Pemerintah dan Muhammadiyah Berpotensi Rayakan Idul Adha 2026 Serentak

Pemerintah dan Muhammadiyah Berpotensi Rayakan Idul Adha 2026 Serentak
Foto: Ilustrasi Pemerintah dan Muhammadiyah Berpotensi Rayakan Idul Adha 2026 Serentak.

Umat Islam di Indonesia diperkirakan akan merayakan Hari Raya Idul Adha 1447 Hijriah secara bersamaan pada tahun 2026. Berdasarkan informasi yang dikutip dari Megapolitan, pemerintah dan organisasi keagamaan besar telah memberikan proyeksi terkait waktu pelaksanaan ibadah kurban tersebut.

Pemerintah bersama Nahdlatul Ulama (NU) sejauh ini memprediksi Idul Adha 2026 jatuh pada hari Rabu, 27 Mei 2026. Meskipun telah memiliki prediksi, Kementerian Agama (Kemenag) tetap menjadwalkan sidang isbat untuk menetapkan awal Zulhijah 1447 Hijriah pada Minggu, 17 Mei 2026.

Sidang isbat tersebut akan menjadi rujukan resmi untuk menentukan kapan hari raya tersebut dirayakan di seluruh pelosok negeri. Sementara itu, NU biasanya akan menyelaraskan ketetapannya dengan hasil pengamatan bulan (rukyatul hilal) dan keputusan sidang isbat pemerintah.

Penentuan awal bulan Zulhijah oleh Kemenag dilakukan dengan menggabungkan teknik perhitungan astronomi (hisab) serta pemantauan langsung di lapangan (rukyat). Hal ini dilakukan untuk memastikan posisi hilal atau bulan sabit muda terlihat secara akurat di berbagai wilayah Indonesia.

Data dari Kalender Hijriah Indonesia terbitan Ditjen Bimas Islam Kemenag menunjukkan awal Zulhijah kemungkinan besar dimulai pada 18 Mei 2026. Dengan proyeksi tersebut, maka 10 Zulhijah atau Idul Adha diprediksi jatuh tepat pada Rabu, 27 Mei 2026.

Kemenag mengungkapkan bahwa posisi hilal diperkirakan sudah memenuhi kriteria visibilitas MABIMS. Kriteria tersebut mencakup tinggi hilal minimal 3 derajat dengan sudut elongasi lebih dari 6,4 derajat saat matahari terbenam.
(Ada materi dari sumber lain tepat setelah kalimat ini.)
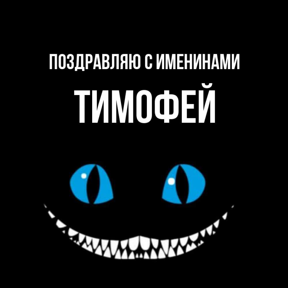 Открытка Поздравляю с именинами Тимофей. чеширский кот и утречко. голубые глаза и зубки

Di sisi lain, Muhammadiyah sudah lebih dahulu menentukan bahwa Idul Adha 1447 Hijriah jatuh pada Rabu Wage, 27 Mei 2026. Keputusan ini diambil melalui metode Kalender Hijriah Global Tunggal (KHGT) yang didasarkan pada perhitungan hisab global.

Pendekatan Nahdlatul Ulama dan Kriteria Global

Nahdlatul Ulama menggunakan standar Imkanur Rukyah Nahdlatul Ulama (IRNU) untuk mengawali setiap bulan Hijriah. Walaupun penetapan resmi baru dilakukan setelah rukyatul hilal pada akhir Zulkaidah, Almanak NU juga mengarahkan Idul Adha 2026 pada tanggal 27 Mei.

Muhammadiyah menetapkan awal Zulhijah mulai Senin Kliwon, 18 Mei 2026, yang berarti Hari Arafah atau 9 Zulhijah akan berlangsung pada Selasa Pon, 26 Mei 2026. Organisasi ini menerapkan Parameter Kalender Global (PKG) sebagai sistem astronomis terpadu.

Penggunaan metode KHGT bertujuan untuk menyatukan awal bulan Hijriah bagi seluruh umat Muslim di dunia tanpa dibatasi oleh sekat wilayah negara. Penentuan ini bertumpu pada keterlihatan bulan sabit di titik manapun secara global.

Menurut penjelasan Muhammadiyah, ijtimak menjelang bulan Zulhijah 1447 Hijriah terjadi pada Sabtu, 16 Mei 2026 pukul 20.01 UTC. Namun, karena belum ada wilayah yang memenuhi syarat keterlihatan hilal pada hari tersebut, maka awal bulan ditetapkan pada 18 Mei 2026.